每个分区都有一个服务器充当“领导者”和零个或多个服务器充当“追随者”。leader处理所有对分区读写请求时followers就会被动复制这个leader的分区。如果这个leader发送故障，这些followers中的一个将自动的成为一个新的leader。Each server acts as a leader for some of its partitions and a follower for others so load is well balanced within the cluster.
Producers publish data to the topics of their choice. The producer is responsible for choosing which record to assign to which partition within the topic. This can be done in a round-robin fashion simply to balance load or it can be done according to some semantic partition function (say based on some key in the record). More on the use of partitioning in a second!
Consumers label themselves with a consumer group name, and each record published to a topic is delivered to one consumer instance within each subscribing consumer group. Consumer instances can be in separate processes or on separate machines.
If all the consumer instances have the same consumer group, then the records will effectively be load balanced over the consumer instances.
If all the consumer instances have different consumer groups, then each record will be broadcast to all the consumer processes.
A two server Kafka cluster hosting four partitions (P0-P3) with two consumer groups. Consumer group A has two consumer instances and group B has four.

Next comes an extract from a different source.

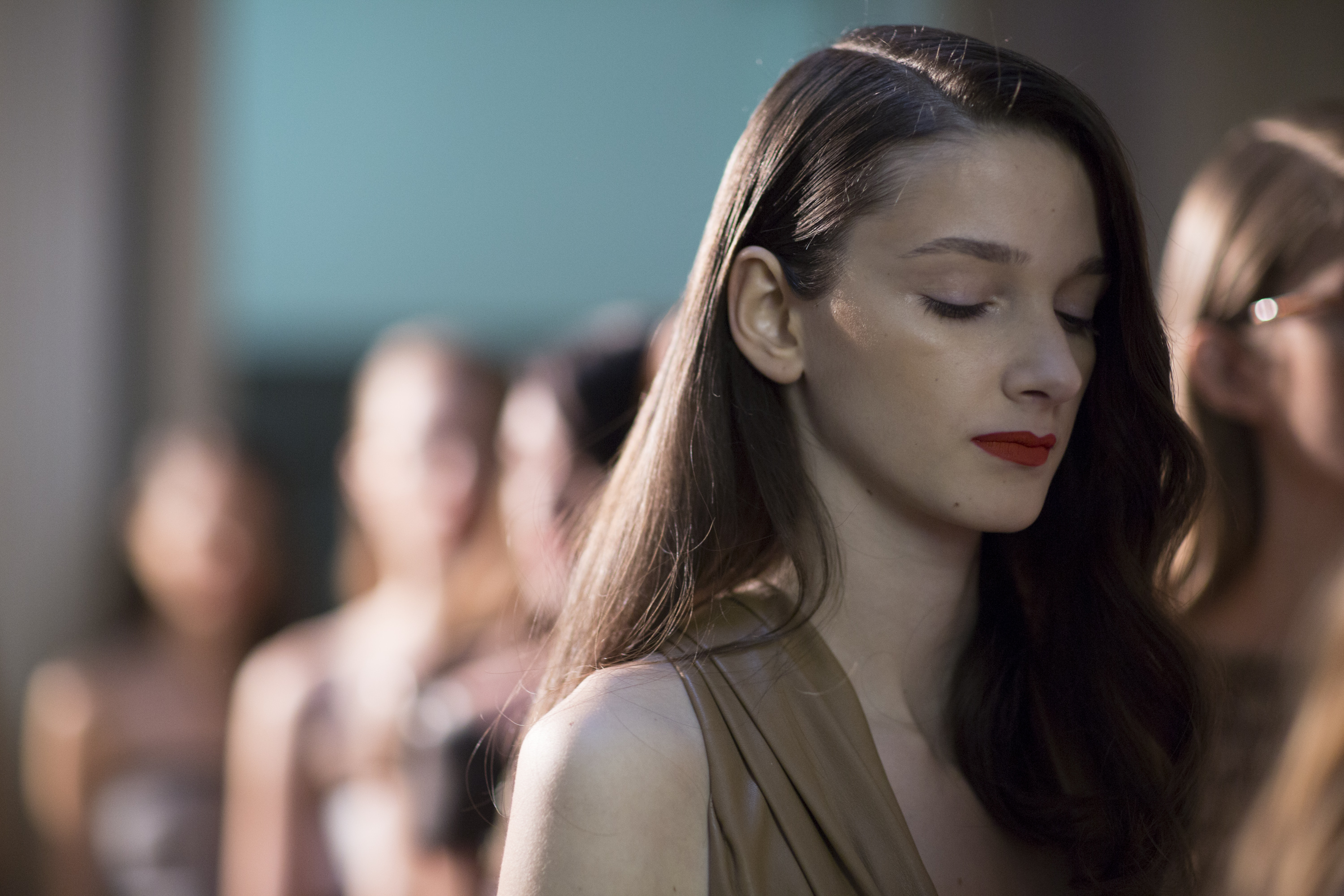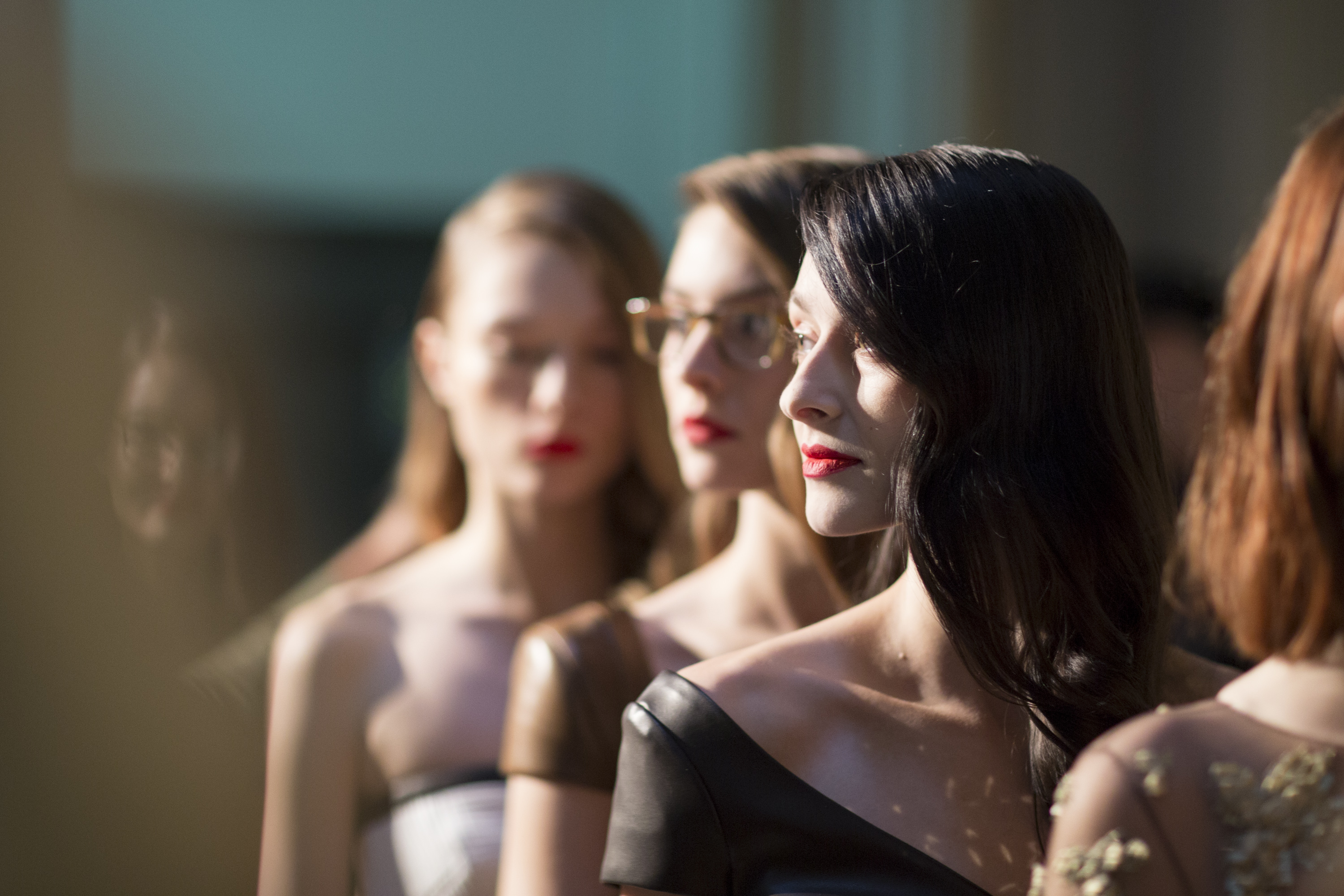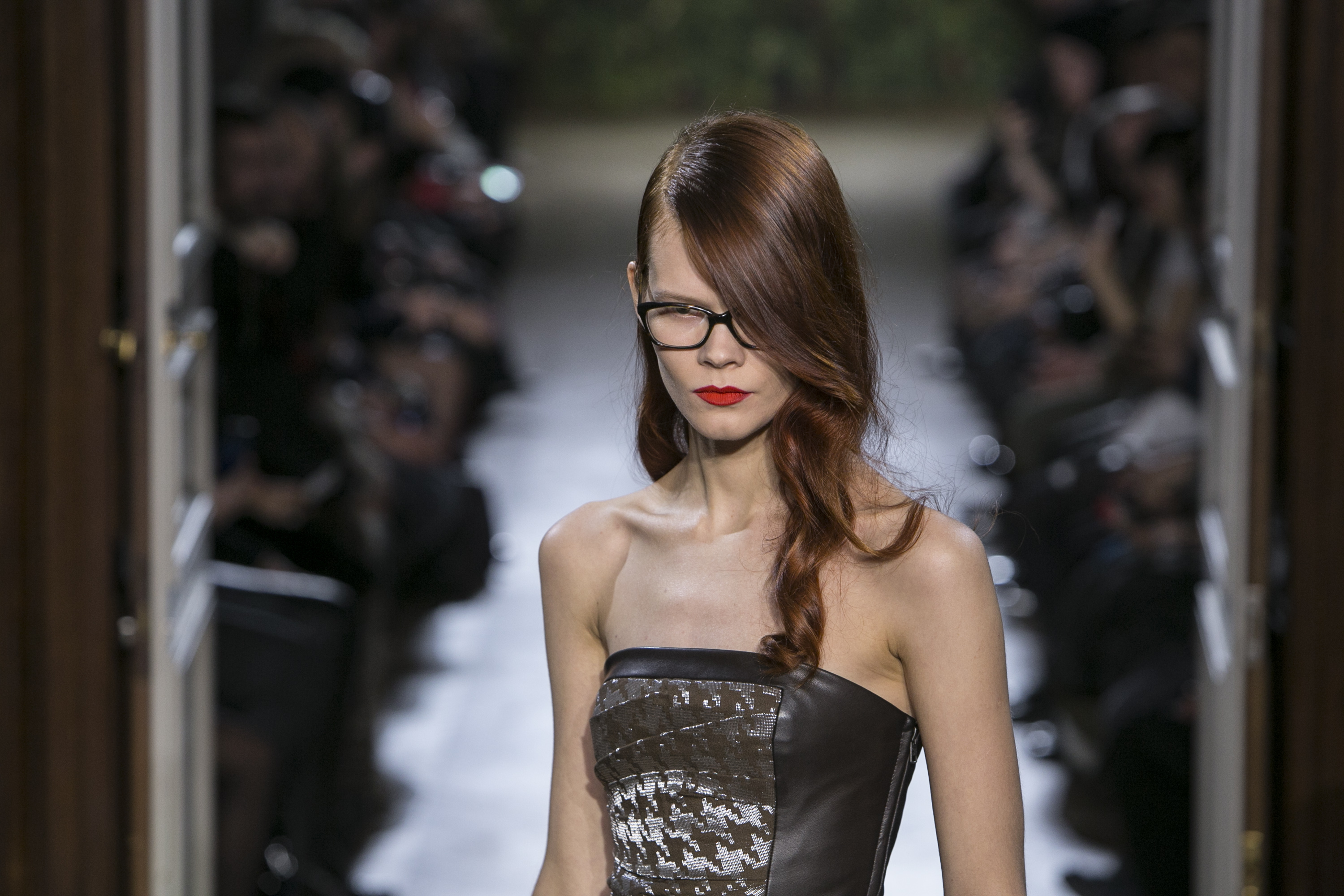 Il y a les épaules étroites, la taille marquée, la coupe au cordeau. Il y a la féminité à fleur de peau, la chair nue révélée au gré d’un décolleté, le volume d’une jupe trapèze légère comme un souffle. Qu’importe les réminiscences d’une décennie fifties ou les sensations d’une escapade à Napa Valley, les couleurs d’une saison californienne impriment subtilement cette couture parisienne affranchie de toute tentation vintage.

More commonly, however, we have found that topics have a small number of consumer groups, one for each "logical subscriber". Each group is composed of many consumer instances for scalability and fault tolerance. This is nothing more than publish-subscribe semantics where the subscriber is a cluster of consumers instead of a single process.
更常见的，我们发现主题有一个小数量的消费群体one for each "logical subscriber"。
The way consumption is implemented in Kafka is by dividing up the partitions in the log over the consumer instances so that each instance is the exclusive consumer of a "fair share" of partitions at any point in time. This process of maintaining membership in the group is handled by the Kafka protocol dynamically. If new instances join the group they will take over some partitions from other members of the group; if an instance dies, its partitions will be distributed to the remaining instances.
Kafka only provides a total order over records within a partition, not between different partitions in a topic. Per-partition ordering combined with the ability to partition data by key is sufficient for most applications. However, if you require a total order over records this can be achieved with a topic that has only one partition, though this will mean only one consumer process per consumer group.
At a high-level Kafka gives the following guarantees:
Messages sent by a producer to a particular topic partition will be appended in the order they are sent. That is, if a record M1 is sent by the same producer as a record M2, and M1 is sent first, then M1 will have a lower offset than M2 and appear earlier in the log.
A consumer instance sees records in the order they are stored in the log.
For a topic with replication factor N, we will tolerate up to N-1 server failures without losing any records committed to the log.
More details on these guarantees are given in the design section of the documentation.
老铁，你的--->推荐，--->关注,--->评论--->是我继续写作的动力。 作者：刘洋 合作微信号：intsmaze 本文版权归作者和博客园共有，欢迎转载，但未经作者同意必须保留此段声明，且在文章页面明显位置给出原文连接，否则保留追究法律责任的权利。